(ASSIGNMENT)
Exclude the pictures and set down, unaltered, the lines from the one that holds "最後に根源を探しに屋根にのぼ" through the end of the data.

(DATA SECTION)
......

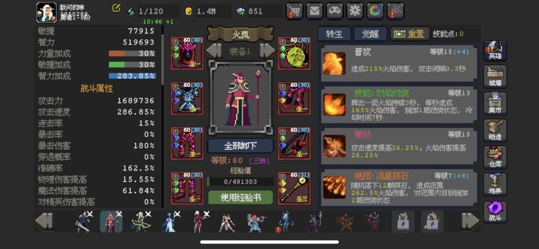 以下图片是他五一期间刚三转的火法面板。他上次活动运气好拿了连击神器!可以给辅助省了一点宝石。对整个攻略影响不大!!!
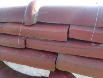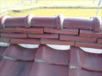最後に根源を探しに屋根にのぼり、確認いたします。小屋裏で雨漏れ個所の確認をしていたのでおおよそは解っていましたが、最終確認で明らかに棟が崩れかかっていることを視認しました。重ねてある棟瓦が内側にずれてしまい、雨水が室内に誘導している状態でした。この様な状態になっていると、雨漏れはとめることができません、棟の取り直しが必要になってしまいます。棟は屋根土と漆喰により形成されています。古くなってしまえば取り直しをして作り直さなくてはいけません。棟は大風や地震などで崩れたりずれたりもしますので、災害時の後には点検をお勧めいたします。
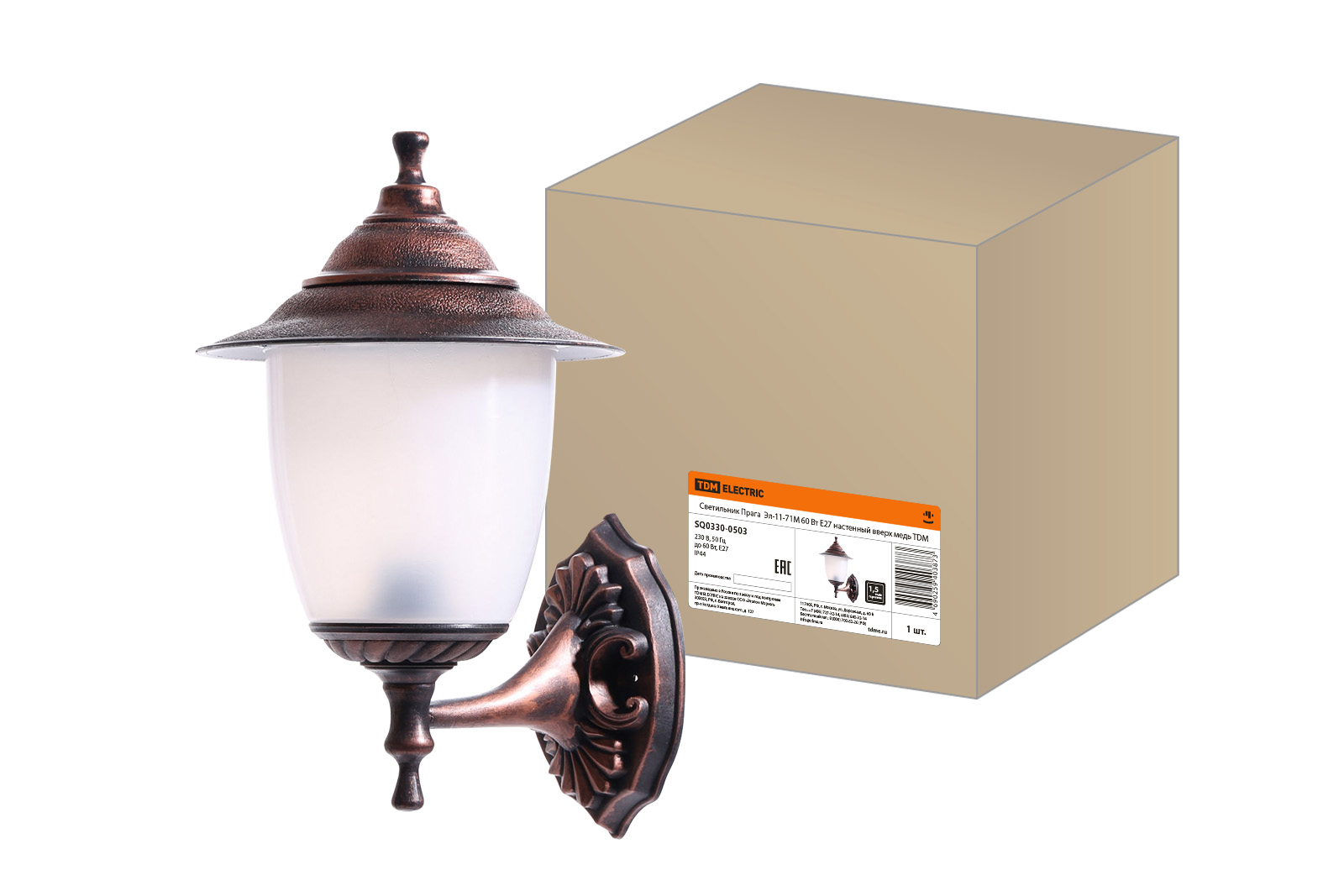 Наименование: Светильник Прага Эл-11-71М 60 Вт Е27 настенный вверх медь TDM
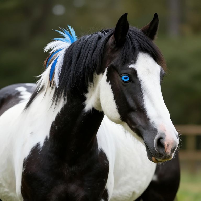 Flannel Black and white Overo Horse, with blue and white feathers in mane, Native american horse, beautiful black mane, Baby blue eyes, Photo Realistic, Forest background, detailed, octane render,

......

(EXERCISE OUTPUT)
最後に根源を探しに屋根にのぼり、確認いたします。小屋裏で雨漏れ個所の確認をしていたのでおおよそは解っていましたが、最終確認で明らかに棟が崩れかかっていることを視認しました。重ねてある棟瓦が内側にずれてしまい、雨水が室内に誘導している状態でした。この様な状態になっていると、雨漏れはとめることができません、棟の取り直しが必要になってしまいます。棟は屋根土と漆喰により形成されています。古くなってしまえば取り直しをして作り直さなくてはいけません。棟は大風や地震などで崩れたりずれたりもしますので、災害時の後には点検をお勧めいたします。
 Наименование: Светильник Прага Эл-11-71М 60 Вт Е27 настенный вверх медь TDM
 Flannel Black and white Overo Horse, with blue and white feathers in mane, Native american horse, beautiful black mane, Baby blue eyes, Photo Realistic, Forest background, detailed, octane render,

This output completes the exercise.